Troubled times – Baton Rouge-based Amedisys has come under investigation for allegedly altering the course of patient care treatment to trigger higher federal reimbursements.


    In 2006, the top managers at Amedisys gathered for another company meeting. On the agenda was a PowerPoint presentation called “Help With Reports.”

    To an onlooker, the slideshow was, in most respects, just as mundane as the title implied. Clip art of a stethoscope across the top of each page, bold arrows and occasional twisted type served as the only relief from a barrage of bullet points and tiny charts.

    But to the U.S. Senate Committee on Finance, the presentation to the firm’s directors of office operations served as critical evidence in an investigation into Medicare abuse and fraud.

    At issue is whether the Baton Rouge-based firm—one of the nation’s largest home health care providers—and others in the industry altered the course of patient care treatment to trigger a higher federal reimbursement.

    Prior to 2008, Medicare provided a substantial bonus when a home health agency provided at least 10 therapy visits. Providing 10 visits—as opposed to nine—increased reimbursement on average 97.5%, or more than $2,000. For a company like Amedisys, which relies on Medicare for 85% of its revenue, those extra visits can add up.

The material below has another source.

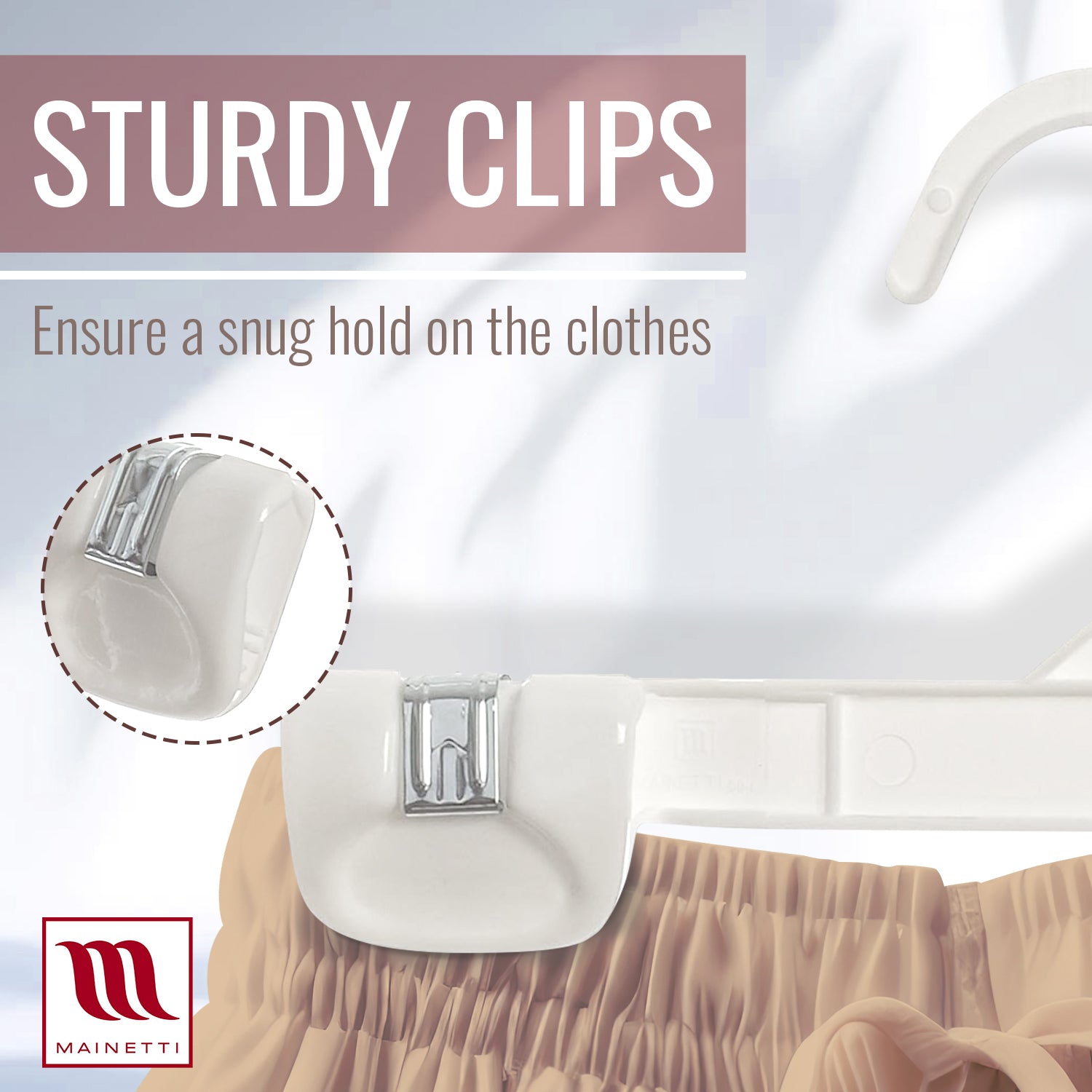 • Sturdy plastic clips to keep your garments secure

    In particular, investigators honed in on a bullet point on one of the PowerPoint slides that reads: “Look for patients that have 7, 8, 9 visits and try to get the 10 visits to make therapy threshold.”

    The Senate inquiry has ended, but the U.S. Department of Justice and the Securities and Exchange Commission are continuing their investigations into the matter. Though the Senate committee’s report stops short of concluding Amedisys and three competitors—LHC Group of Lafayette, Gentiva Health Services of Atlanta and Almost Family of Louisville, Ky.—committed outright fraud, it does allege that the companies “encouraged therapists to target the most-profitable number of therapy visits, even when patient need alone may not have justified such patterns.”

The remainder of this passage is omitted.